About this exercise
Apart from the images, reproduce all of the data word for word.

[Opening Supplied data section]

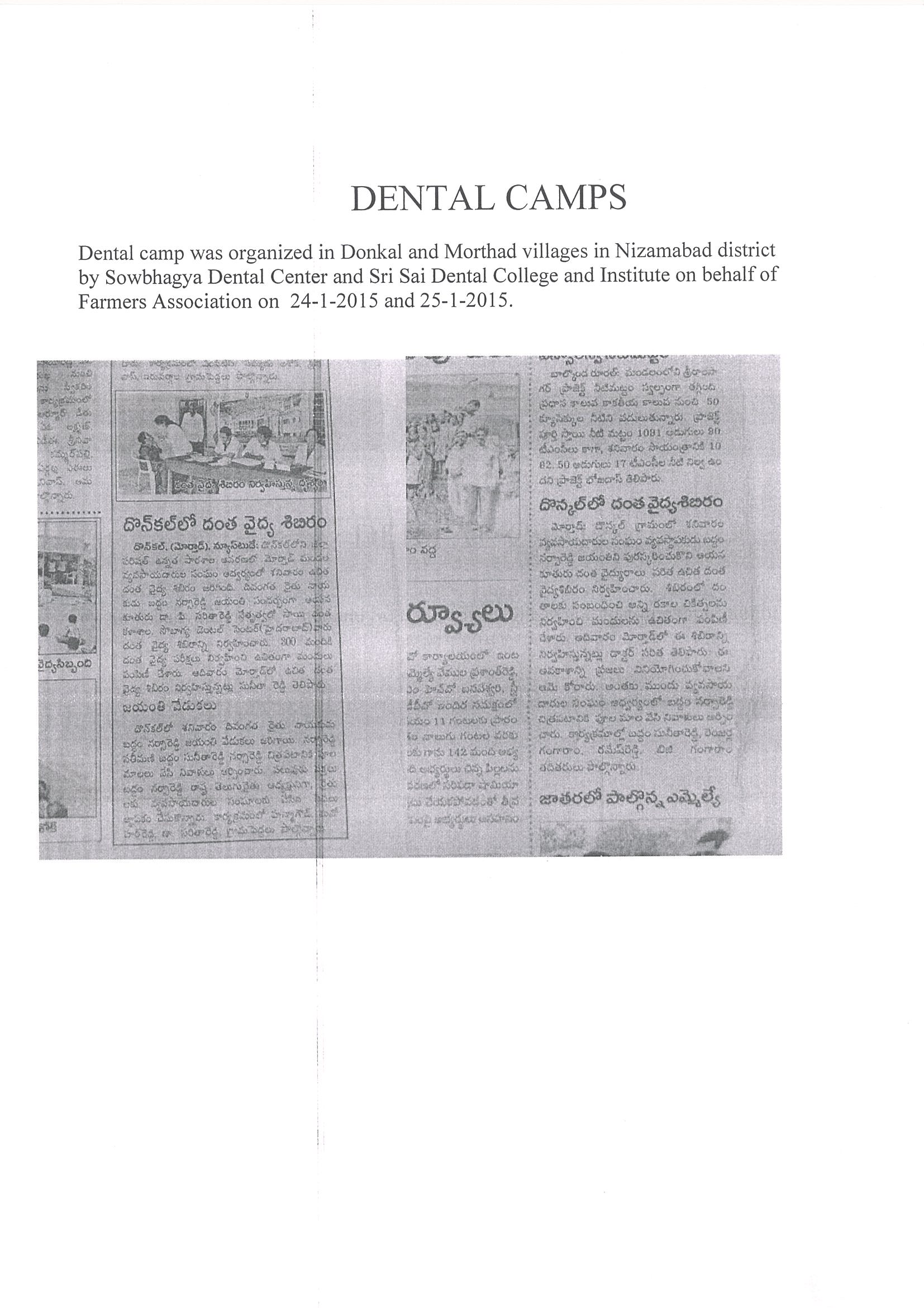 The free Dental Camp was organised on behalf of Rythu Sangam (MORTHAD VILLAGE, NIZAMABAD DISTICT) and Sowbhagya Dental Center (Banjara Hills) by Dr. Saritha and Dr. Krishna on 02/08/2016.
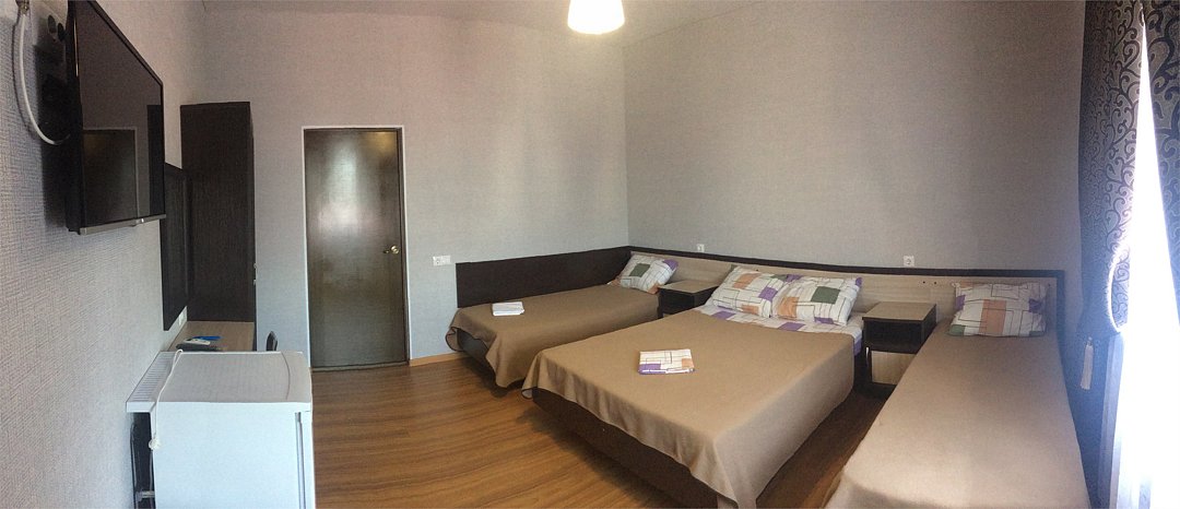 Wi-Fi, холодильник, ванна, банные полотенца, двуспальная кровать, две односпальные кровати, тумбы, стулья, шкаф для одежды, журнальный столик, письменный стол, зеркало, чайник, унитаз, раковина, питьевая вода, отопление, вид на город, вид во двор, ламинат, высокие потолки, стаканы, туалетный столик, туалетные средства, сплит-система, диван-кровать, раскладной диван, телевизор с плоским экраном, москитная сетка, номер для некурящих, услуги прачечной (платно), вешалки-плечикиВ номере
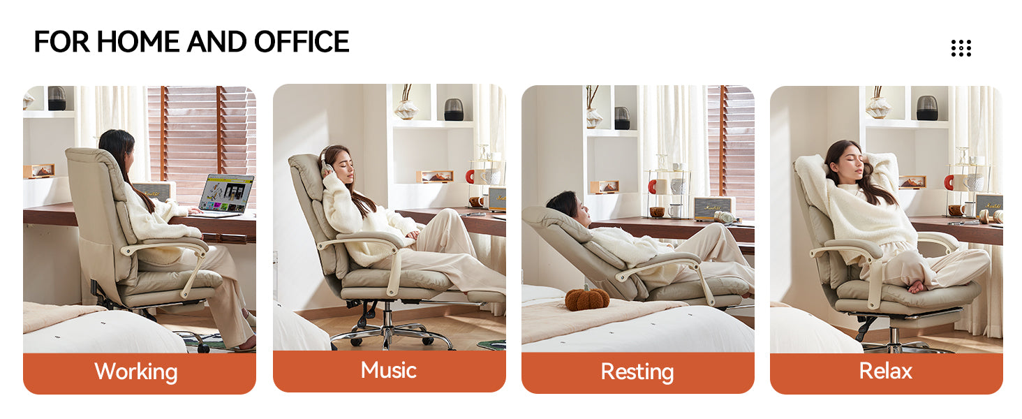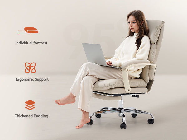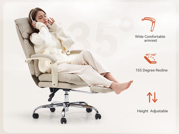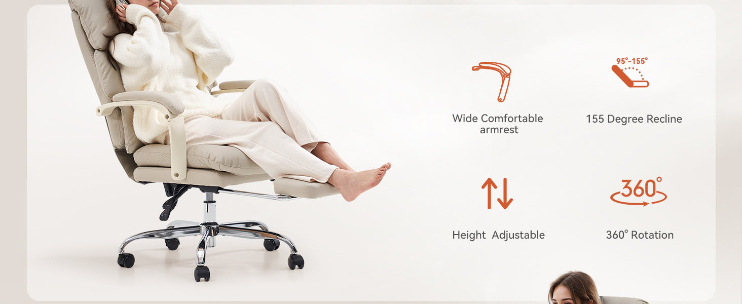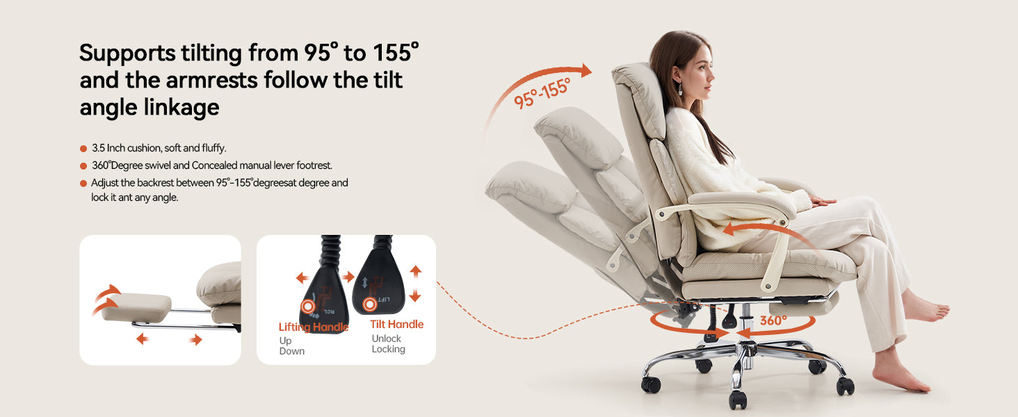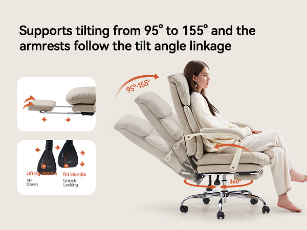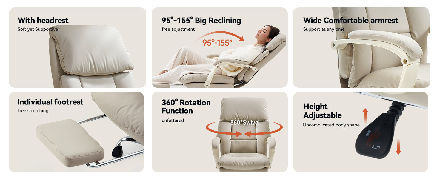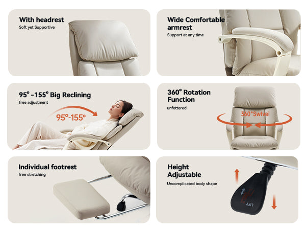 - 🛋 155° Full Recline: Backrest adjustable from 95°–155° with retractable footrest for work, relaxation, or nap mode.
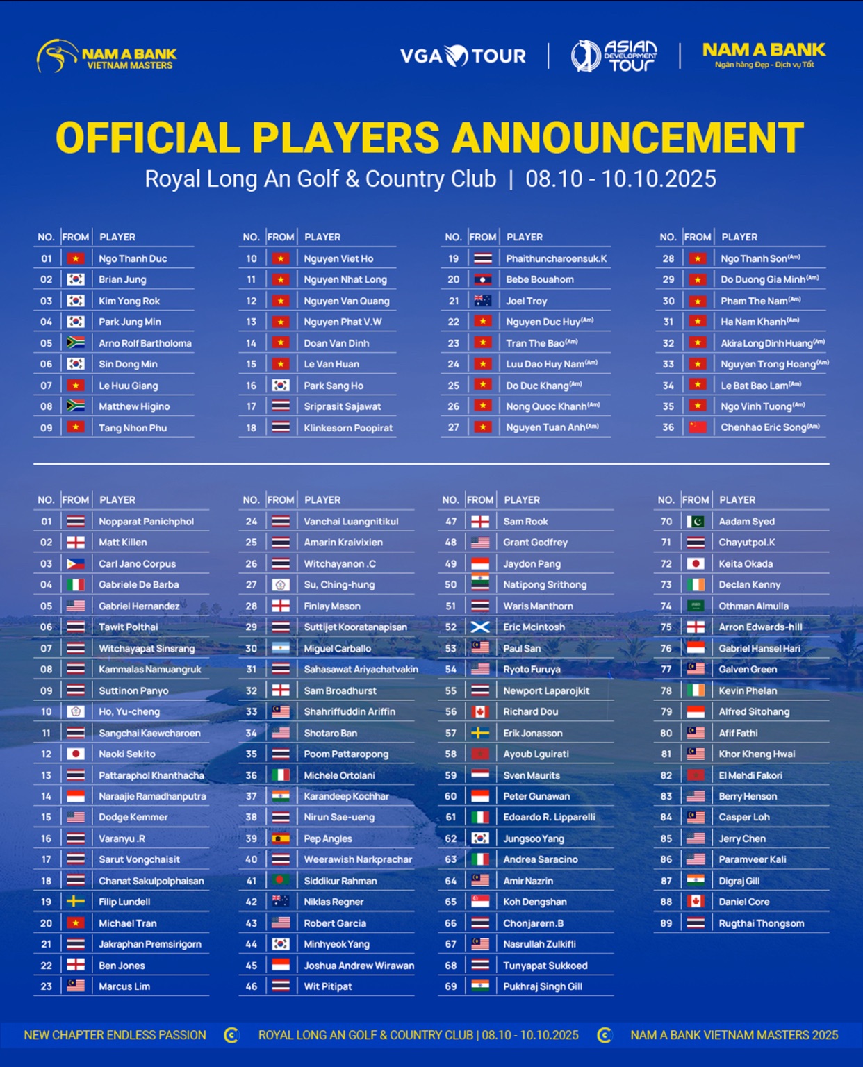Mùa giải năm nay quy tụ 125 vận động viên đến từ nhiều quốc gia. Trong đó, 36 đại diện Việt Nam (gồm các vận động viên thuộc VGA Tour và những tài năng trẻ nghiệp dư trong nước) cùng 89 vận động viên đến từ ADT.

[Closing Supplied data section]

Completed task
 The free Dental Camp was organised on behalf of Rythu Sangam (MORTHAD VILLAGE, NIZAMABAD DISTICT) and Sowbhagya Dental Center (Banjara Hills) by Dr. Saritha and Dr. Krishna on 02/08/2016.
 Wi-Fi, холодильник, ванна, банные полотенца, двуспальная кровать, две односпальные кровати, тумбы, стулья, шкаф для одежды, журнальный столик, письменный стол, зеркало, чайник, унитаз, раковина, питьевая вода, отопление, вид на город, вид во двор, ламинат, высокие потолки, стаканы, туалетный столик, туалетные средства, сплит-система, диван-кровать, раскладной диван, телевизор с плоским экраном, москитная сетка, номер для некурящих, услуги прачечной (платно), вешалки-плечикиВ номере
 - 🛋 155° Full Recline: Backrest adjustable from 95°–155° with retractable footrest for work, relaxation, or nap mode.
Mùa giải năm nay quy tụ 125 vận động viên đến từ nhiều quốc gia. Trong đó, 36 đại diện Việt Nam (gồm các vận động viên thuộc VGA Tour và những tài năng trẻ nghiệp dư trong nước) cùng 89 vận động viên đến từ ADT.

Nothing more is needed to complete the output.